James E. Reilly was eventually unfulfilled by the limitations of DOOL, which I can only imagine involved him pitching a story where the town time-travels into the heart of the sun and opens a casino for dinosaurs made out of pants – and it being summarily rejected. In retaliation he created the TV show Passions, which revolved around another town named Salem, but starred a 300 year old witch named Tabitha and her talking doll. After DOOL suffered terribly in ratings, he was asked to come back as head writer and given carte blanche to do whatever he goddamn wanted, before he died of a heart attack in 2008 – the same year Passions was cancelled.

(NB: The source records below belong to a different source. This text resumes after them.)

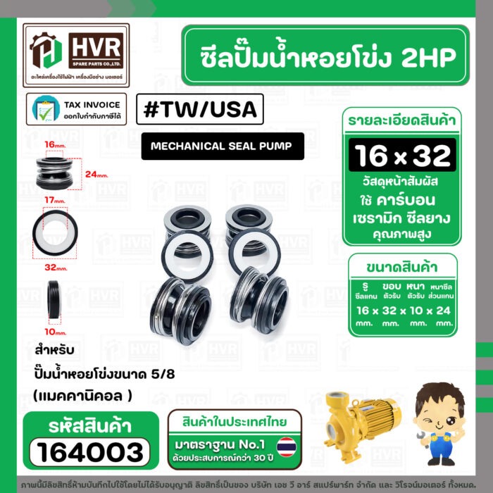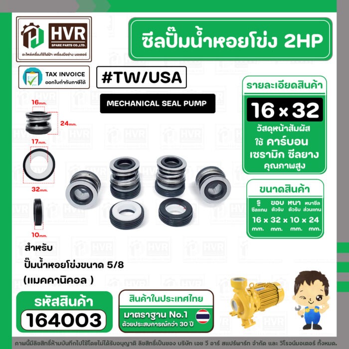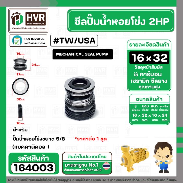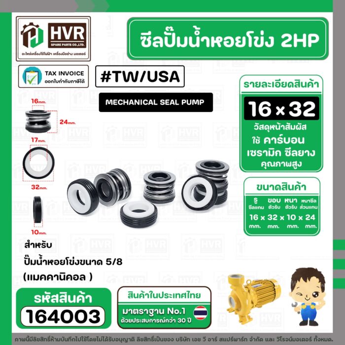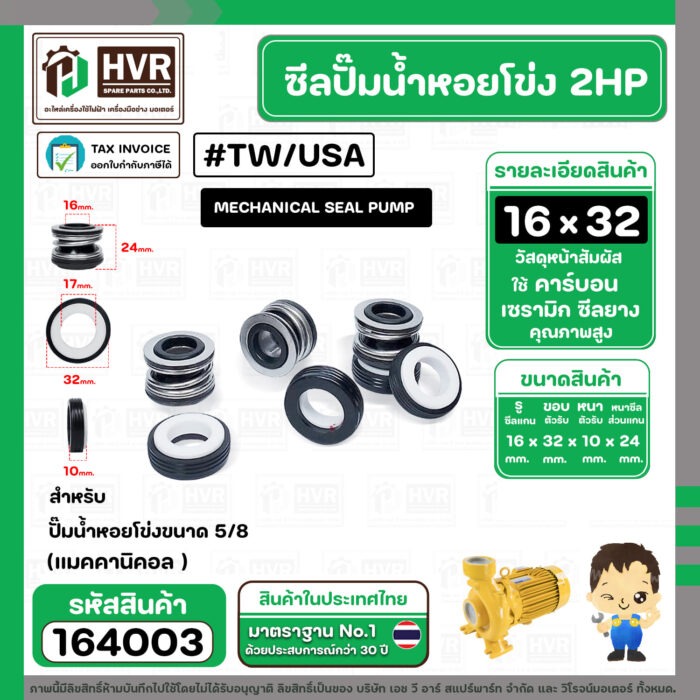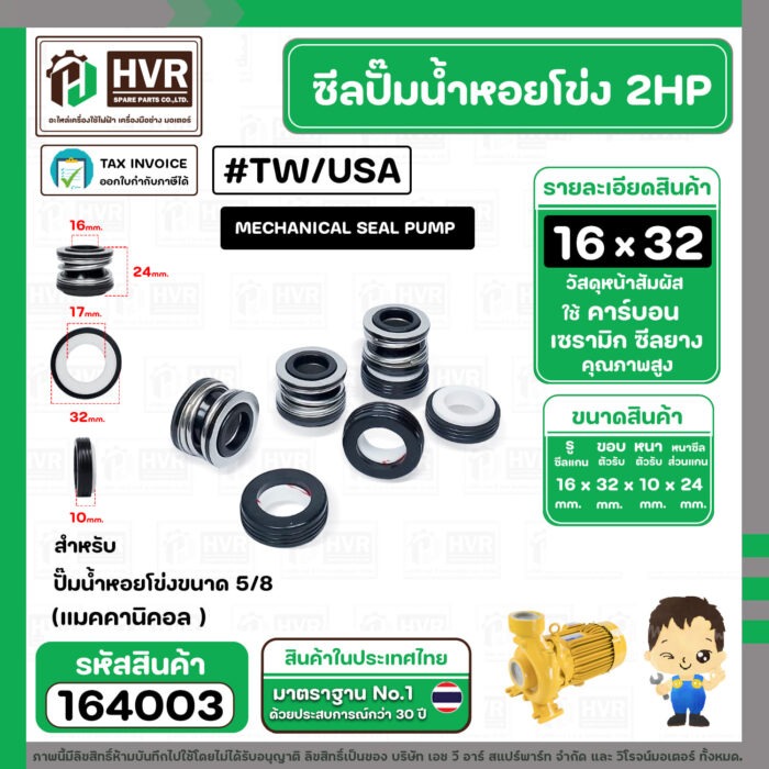 ซีลปั้มน้ำหอยโข่ง 2 HP ขนาด 5/8 ” ( 16 x 32 mm.) ( แมคคานิคอล ซีล) ( ARENO , PIRALI ) #TW/USA ( 1 ตัว ) #164003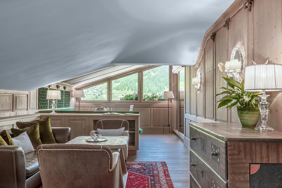 Corvara, Alta Badia, Dolomites. A large mountain house, authentically South Tyrolean, interpreting the Ladin spirit through a Tyrolean lens. Intimacy and warmth are reflected in the details that define the forty-eight rooms. Stuben, local woods, refined textiles and carefully selected furnishings create harmonious spaces where every element is designed to enhance natural light, raw materials and objects of essential character.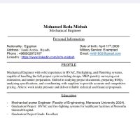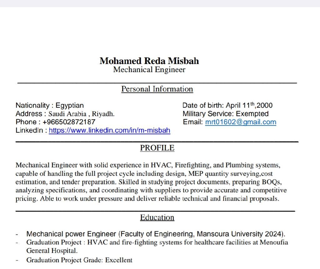 مهندس ميكانيكا في مجال الهندسة الميكانيكية (HVAC - Fire Fighting - Plumbing)
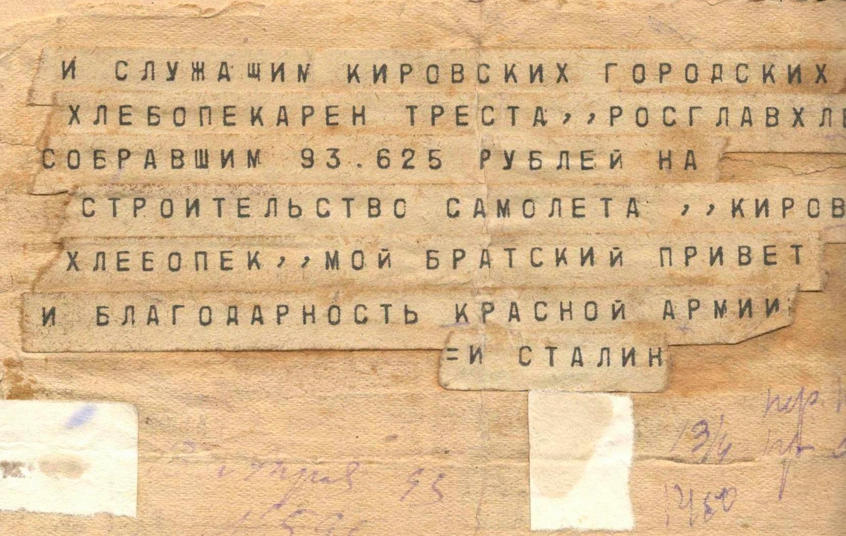 Поводом для столь высокого знака внимания со стороны Верховного Главнокомандующего Вооружёнными силами СССР стал собранный работниками хлебопекарен денежный сбор в сумме 93 625 рублей на строительство самолёта, получившего при отправке на фронт имя «Кировский хлебопёк». Телеграмма свидетельствует о таком характерном явлении советской эпохи, как добровольные пожертвования населения на государственные нужды.В годы Великой Отечественной войны особое распространение получили сборы средств, как денежных, так и вещевых, для нужд фронта. Так и рабочие, и служащие кировских хлебопекарен не остались в стороне от этого благородного дела, за что были отмечены особой благодарностью от лица руководства СССР. Интересно было бы узнать: на каком фронте, и в каких сражениях громил врага боевой самолет «Кировский хлебопёк»!
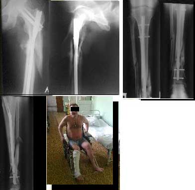 5.10.2011 синтез правой голени стержнем Деост, в закрытую с применением дистрактора и остеотомией малоберцовой кости. Снимкти в приложении. Пациент активизирован, начал передвигаться на коляске, сегодня встал с костылями.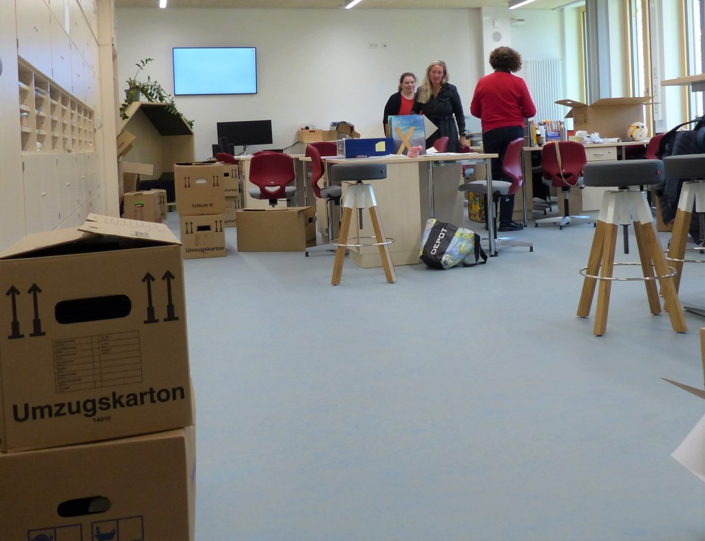 Dank der Koordination des gesamten Umzuges durch Frau Prinzen, Herrn Koller und Frau Winkler hat alles so reibungslos geklappt. Für den technischen Support von der Dokumentenkamera bis hin zum Tabletkoffer sorgten Frau Matzeder, Herr Hilgarth und Herr Königsbauer.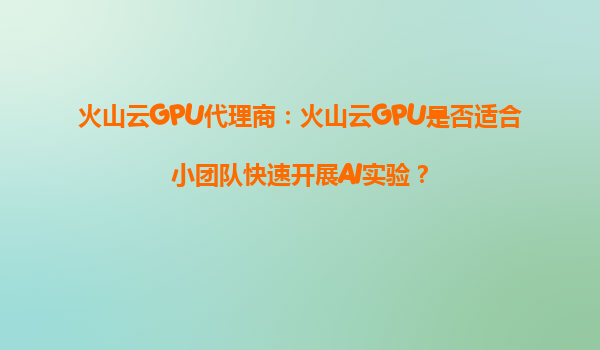 火山云GPU代理商:火山云GPU是否適合小團隊快速開展AI實驗? 一、火山云GPU的核心優勢 火山云GPU作為火山引擎(字節跳動旗下云計算服務)提供的彈性計算服務,其核心優勢在于高性能、靈...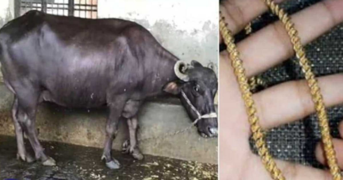 ಮನೆಯಲ್ಲಿ ಸಾಕಿದ್ದ ಎಮ್ಮೆಗೆ ತರಕಾರಿ ಸಿಪ್ಪೆಯನ್ನು ಹಾಕುವಾಗ ಮಾಲಕಿಯ ಕುತ್ತಿಗೆಯಲ್ಲಿದ್ದ ಚಿನ್ನದ ಸರವು ಆಕಸ್ಮಿಕವಾಗಿ ಕಳಚಿ ಬಿದ್ದಿದೆ. ಇದು ಸುಮಾರು 35 ಗ್ರಾಂನ 2.5 ಲಕ್ಷ ರೂ. ಮೌಲ್ಯದ ಚಿನ್ನದ ಸರವಾಗಿದ್ದು, ಅದನ್ನು ಎಮ್ಮೆ ಸಿಪ್ಪೆಯ ಜೊತೆಗೆ ನುಂಗಿಬಿಟ್ಟಿದೆ. ಇದು ಮಹಿಳೆಯ ಗಮನಕ್ಕೆ ಬಂದಿಲ್ಲ.

It’s entirely likely that Days of Our Lives will be picked up by a cable company, much as its sister-soap Young and The Restless was by Foxtel. There it can continue its trend of starting the career of many of our most beloved actors – such as Supernatural star Jensen Eckles.
But I like to think that in the style true to its form, the day after Days of Our Lives disappears from Channel Nine, a new TV show will take its place – which looks eerily familiar. It will have on an eyepatch, and claim to remember nothing – nothing at all. And its name will be something like Trays of Our Wives or maybe Lays of Our Drives. And behind it all was Stefano, brainwashing the show into the future.